The prediction of regulatory elements includes a risk of false predictions. A good motif discovery program includes some statistical parameters (E-value, information content, significance index, ...) to estimate the reliability of each prediction. These statistical estimators may however be more or less adequate, depending on the adequation between the underlying statistical model and the type of biological sequences analyzed.

A practical way to test the rate of false positive returned by motif discovery programs is to submit sequences which are not supposed to be co-regulated. In such case, a good program should be able to return a negative answer, i.e. no pattern at all.

This web site offers two tools for generating random sequence sets, in order to estimate the rates of false positive obtained with different programs: random-sequence and random-genes.

  1. random sequence. This program generates random sequences on the basis of various probabilistic background. One interesting model is to use Markov chain models, calibrated on the complete set off upstream sequences of an organism. This means that the generated sequences does not exist as a biological sequences, but it has the same oligonucleotide composition as the chosen background.

  2. random genes. This program selects a random set of gene identifiers in the selected genome. The selected genes can then be piped to the program retrieve-seq, which will retrieve the upstream sequences of the randomly selected genes. In this case, you will analyze real biological sequences, contrarily to the program random-sequences. The analysis of random gene sets is very useful to evaluate the rate of false positives of motif discovery programs.
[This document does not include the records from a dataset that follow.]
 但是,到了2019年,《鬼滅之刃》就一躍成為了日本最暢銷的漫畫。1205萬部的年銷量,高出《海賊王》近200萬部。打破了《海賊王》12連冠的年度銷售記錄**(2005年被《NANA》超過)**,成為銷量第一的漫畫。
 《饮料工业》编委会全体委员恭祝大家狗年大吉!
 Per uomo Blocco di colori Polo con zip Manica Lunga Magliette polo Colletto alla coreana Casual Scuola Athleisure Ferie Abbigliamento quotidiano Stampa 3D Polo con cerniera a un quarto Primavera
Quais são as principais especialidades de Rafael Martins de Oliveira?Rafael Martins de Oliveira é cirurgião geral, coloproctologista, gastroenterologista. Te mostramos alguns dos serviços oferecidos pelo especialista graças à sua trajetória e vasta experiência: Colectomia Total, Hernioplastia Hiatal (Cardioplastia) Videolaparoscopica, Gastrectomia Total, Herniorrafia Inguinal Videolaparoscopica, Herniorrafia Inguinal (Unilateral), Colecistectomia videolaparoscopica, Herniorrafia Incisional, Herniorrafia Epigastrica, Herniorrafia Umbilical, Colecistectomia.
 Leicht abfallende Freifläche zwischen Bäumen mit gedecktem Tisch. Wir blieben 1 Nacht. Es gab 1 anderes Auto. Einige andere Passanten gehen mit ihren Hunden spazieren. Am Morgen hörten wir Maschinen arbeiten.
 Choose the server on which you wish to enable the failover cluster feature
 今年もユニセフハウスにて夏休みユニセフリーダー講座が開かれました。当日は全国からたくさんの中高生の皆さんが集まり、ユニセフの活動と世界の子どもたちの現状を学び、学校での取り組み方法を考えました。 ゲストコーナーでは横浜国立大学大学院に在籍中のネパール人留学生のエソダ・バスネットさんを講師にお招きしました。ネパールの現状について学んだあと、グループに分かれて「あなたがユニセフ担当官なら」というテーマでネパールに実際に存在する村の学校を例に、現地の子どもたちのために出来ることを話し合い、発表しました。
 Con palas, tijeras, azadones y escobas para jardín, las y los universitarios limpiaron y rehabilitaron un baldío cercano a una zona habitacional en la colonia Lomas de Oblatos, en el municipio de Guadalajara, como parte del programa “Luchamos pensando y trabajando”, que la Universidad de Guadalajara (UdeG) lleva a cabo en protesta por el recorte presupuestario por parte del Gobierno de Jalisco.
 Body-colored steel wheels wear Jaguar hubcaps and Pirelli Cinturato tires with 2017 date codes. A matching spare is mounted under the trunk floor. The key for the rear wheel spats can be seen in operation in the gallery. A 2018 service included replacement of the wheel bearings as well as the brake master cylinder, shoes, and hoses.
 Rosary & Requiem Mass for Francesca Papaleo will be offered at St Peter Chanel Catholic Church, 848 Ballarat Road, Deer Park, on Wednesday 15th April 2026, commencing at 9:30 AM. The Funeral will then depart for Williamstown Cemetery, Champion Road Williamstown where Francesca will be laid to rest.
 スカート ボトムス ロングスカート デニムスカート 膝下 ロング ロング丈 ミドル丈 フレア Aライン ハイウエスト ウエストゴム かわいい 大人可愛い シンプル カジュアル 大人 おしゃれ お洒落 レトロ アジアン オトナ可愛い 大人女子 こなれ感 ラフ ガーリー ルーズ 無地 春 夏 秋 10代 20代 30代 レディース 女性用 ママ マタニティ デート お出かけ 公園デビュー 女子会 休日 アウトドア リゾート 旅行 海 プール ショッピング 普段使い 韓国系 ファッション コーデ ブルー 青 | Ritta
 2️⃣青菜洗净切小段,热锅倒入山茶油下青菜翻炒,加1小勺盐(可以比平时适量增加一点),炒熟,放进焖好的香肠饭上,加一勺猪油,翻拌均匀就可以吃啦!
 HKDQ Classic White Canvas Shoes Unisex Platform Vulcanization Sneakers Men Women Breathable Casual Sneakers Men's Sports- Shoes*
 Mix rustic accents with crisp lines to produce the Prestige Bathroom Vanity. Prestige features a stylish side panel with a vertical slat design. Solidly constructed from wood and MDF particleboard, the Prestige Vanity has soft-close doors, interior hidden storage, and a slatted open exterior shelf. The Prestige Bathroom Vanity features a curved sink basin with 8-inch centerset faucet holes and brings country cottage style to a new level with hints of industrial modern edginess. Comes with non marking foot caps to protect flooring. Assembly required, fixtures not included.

The analysis of random gene selections gives more realistic (and more severe) conditions than the randomly generated sequences, which rely on a quite strong assumption about the model underlying sequence composition (e.g. Markov chain: which order is the most appropriate ? Do biological sequences really resemble to the result of a Markov process ? ...).

Next tutorials

  1. Random sequence generation
  2. Random gene selections

You can now come back to the tutorial main page and follow the next tutorials.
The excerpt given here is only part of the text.